書きたいところだけ。
旧劇のラストでは、世界を滅ぼして融合させても、他人の心は一体化できないし、拒絶されるときは拒絶される。しかも突然それはやってくる。ということを高い映像技術と滅茶苦茶な演出センスと訳の分からない熱量で伝えられた。と思ってる。見た人の解釈が沢山あるから、言いきれないけど、そう思ってる。
それが当時の監督の失恋の表象だったとしても、ディスコミュニケーションの表現としてはある程度昇華されていたし、共感を呼べた。だってみんな思ったでしょ。「そんなの酷い!」って。
そんなの、が「キモチワルイ」って言われたことに対してなのか、受け入れられなかったことに対してなのか、説明もなく終わったことに対してなのか、は視聴者ごとに違うのだけど、世界は自分を受け入れないまま唐突に終わる酷い場所だっていう気持ちを共有して、世界の底を見せたところでエヴァンゲリオンは完結した。
底を見てしまったからには、各々自分の世界に戻って自分のやり方で上っていくしかない。テレビ版と旧劇はそういう話だった。と思う。
だから続きをやるには、今度はコミュニケーションの階段を上がっていくしかないのだけれど、エヴァンゲリオンは上がるため物語ではなく、底を覗くための物語なので、エヴァに上る方法を期待しても仕方がない。
仕方がないと思うんですけど…エヴァの物語の中にコミュニケーションの成就を望む人が多いんだな、ハピエン主義って結構根強いんだな、というのが「序」が始まった時に感じたことでした。そこに無い物語を望んでも、無いものは無いのに。(結局劇場では「序」しか見てなくて、「破」と「Q」はレンタルになってから見た。)

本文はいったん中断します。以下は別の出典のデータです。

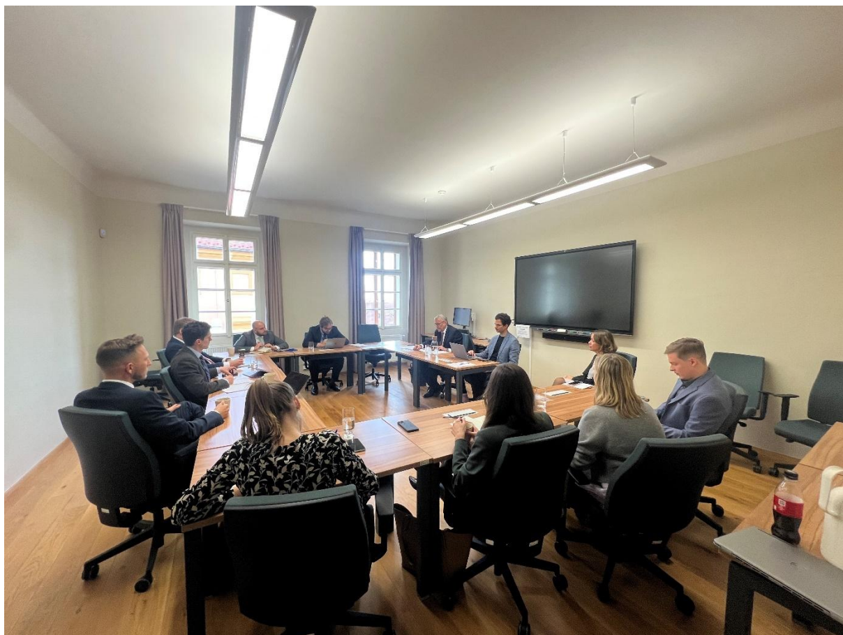
Diskuse s ministrem pro evropské záležitosti Martinem Dvořákem, 22. 10. 2024

今回は本当に終わり、ということなので卒業の意味で公開初週に見に行った。
シンエヴァの終わりはハピエンだった。崩壊しかけた、ハピエンだった。
成長と生殖と日常を肯定し、現実へ行こうとしていたけど、映像としてイマイチだったな…。
だから、まあ、エヴァはコミュニケーションの成就を描くための物語じゃなかったんですよ…狭いところで悲しい気持ちになるための物語。そういう役割の物語も世の中にはある。ハピエンだけじゃない。
でも、監督は、カラーを作ったから、エヴァを再起動したし、エヴァを終わらせないといけなかったんですよね。シンエヴァは奥さんの影響はあるだろうけど、カラーを守りたいっていう気持ちの方を強く感じました。

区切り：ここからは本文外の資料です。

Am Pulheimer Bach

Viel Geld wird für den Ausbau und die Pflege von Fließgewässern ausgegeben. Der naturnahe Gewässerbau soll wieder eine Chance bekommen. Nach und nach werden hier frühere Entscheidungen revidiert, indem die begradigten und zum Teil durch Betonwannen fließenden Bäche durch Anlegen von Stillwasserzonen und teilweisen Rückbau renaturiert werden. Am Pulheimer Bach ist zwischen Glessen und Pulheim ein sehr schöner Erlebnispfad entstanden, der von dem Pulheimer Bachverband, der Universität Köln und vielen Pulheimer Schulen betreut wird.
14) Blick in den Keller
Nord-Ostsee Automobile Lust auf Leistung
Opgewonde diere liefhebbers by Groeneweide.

カラーを存続するっていう意味での成長と生殖なんじゃないかね…。シンエヴァが100%監督とシンクロしている話だったら、監督には子供いないじゃんおかしいじゃん、とは思う。
震災を経て、Qを経て、病気を経て、さあついに終わろうってなった。しかも前向きに終わろうって。

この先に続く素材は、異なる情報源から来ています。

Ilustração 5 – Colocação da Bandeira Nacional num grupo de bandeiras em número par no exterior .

ポジティブに考えられるものを作ろうとなって、監督にとっての前向きで成長していく大事な何かってカラーのことなんだな、と。
監督も同人で作ったガイナックスを卒業して(せざるを得なくて)、自分の国を作ったから、カラーを守りたい、育てたいっていう気持ちを第三村やミサトさんの子供に託すのは分かるんやだけどやな。
「うちの国、わりといいところだよ」っていう気持ちを、エヴァにのっけて終わらせようとしてしまったのが監督の残念なところだな…エヴァはそういうことを言うのに適した器ではない…いろいろ考えると仕方ないけど…。
ところで、監督は群像や組織を描けないという批評もあって、それを読んで納得しかけたけど、いやいやシンゴジはまあまあ上手くいってましたやん。巨災対を視聴者のみんなは愛したし、政治家パートには議論が巻き起こった。映画としては普通の人間模様になっていたし、そのうえで最高に格好良い怪獣と戦闘機がのっかったから、世間一般も巻き込んでブームになった。ポジティブな人間関係描写が一番うまい監督ではないけど、全然駄目でもない。
私は思春期にナディアに出会った人間なんですけど、ナディアの人間関係は若い子向けの前向きさで一貫していて、その背後に大人や世界の薄暗さが垣間見えてとても楽しかった。
単にエヴァが群像向きではなく、徹底してシンジとゲンドウの話だったから、無理に全員の幸せを描くとおかしくなっちゃったんでしょう。